A series of expensive measures championed by Bush and passed by Congress–the farm, highway, and energy bills, for instance–has caused the anger of small government conservatives to simmer. In the House, 25 Republicans voted against the Medicare drug benefit in 2003, nearly prompting its defeat and alienating the White House and party leaders in Congress. Nonetheless, most of the 25 remain proud of their “no” vote. Sununu voted against the Medicare, energy, highway, and farm bills. Yet he’s been skillful in maintaining his ties to the White House and Senate leaders.
The RSC’s Pence hasn’t been. Indeed, he is loathed by Bush aides and House Republican leaders. They blame him for going to the press with proposed spending cuts before coming to them, cuts they insist can’t get more than a few dozen votes. They claim he has set the bar so high for cuts that anything short of $100 billion, which Congress might actually approve, will appear puny. Perhaps, but the real effect of the RSC’s hype of spending restraint is that serious cuts (or “offsets”) are now far more likely.
Bush bears less blame for out-of-control spending than Congress itself. True, he’s never vetoed a spending bill. But he cajoled Congress into slashing the level of highway spending. And his budgets, aside from defense outlays, have called for gradual decreases in discretionary spending. His 2006 budget sought to hold all non-entitlement spending, including for defense and homeland security, to less than the rate of inflation. That, however, was pre-Katrina and pre-Rita.

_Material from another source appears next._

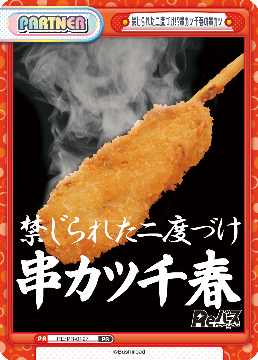 今年もあります!大人気の『禁じられた二度づけ!?串カツ千春の串カツ』!新規PRカードの特典付きです!

The record of the congressional Republican leadership on curbing spending is abysmal. In response to the RSC, House Majority Leader Tom DeLay claimed all the fat in the federal budget had already been scraped away. That inflamed small government conservatives and even moderates, and DeLay was forced to retract his statement. When Bolten addressed Senate Republicans last week, he didn’t apologize for Bush’s insistence on financing the recovery of the Gulf Coast with billions of federal dollars. He pointed out that Republicans hadn’t adopted most of the cuts outlined by the White House in the 2006 budget. If Congress wants to cut more now, he told the senators, go to it.
Getting Republican leaders, much less the rest of Congress, to agree to spending cuts is an enormous task. Even some small government conservatives want to protect the “earmarks” for transportation projects in their districts. Nor is the White House ready to send a list of recommended cuts to Congress. Bush is still distracted by the immediate needs of the recovery. As usual, Democrats are no help. Their impulse is to raise taxes, just as it was before the hurricanes. Bush has wisely ruled out tax hikes.
Though few in number, the small government conservatives are a problem for Bush. His power as president is based partly on his ability to marshal huge Republican majorities in Congress along with a handful of Democratic renegades. If the RSC types–30 or more of them in the House and a half-dozen in the Senate–reject his hurricane recovery legislation, the Bush majority may vanish. White House aides profess not to be worried about the revolt of small government conservatives. But it’s a bigger threat than they imagine.
Fred Barnes is executive editor of The Weekly Standard.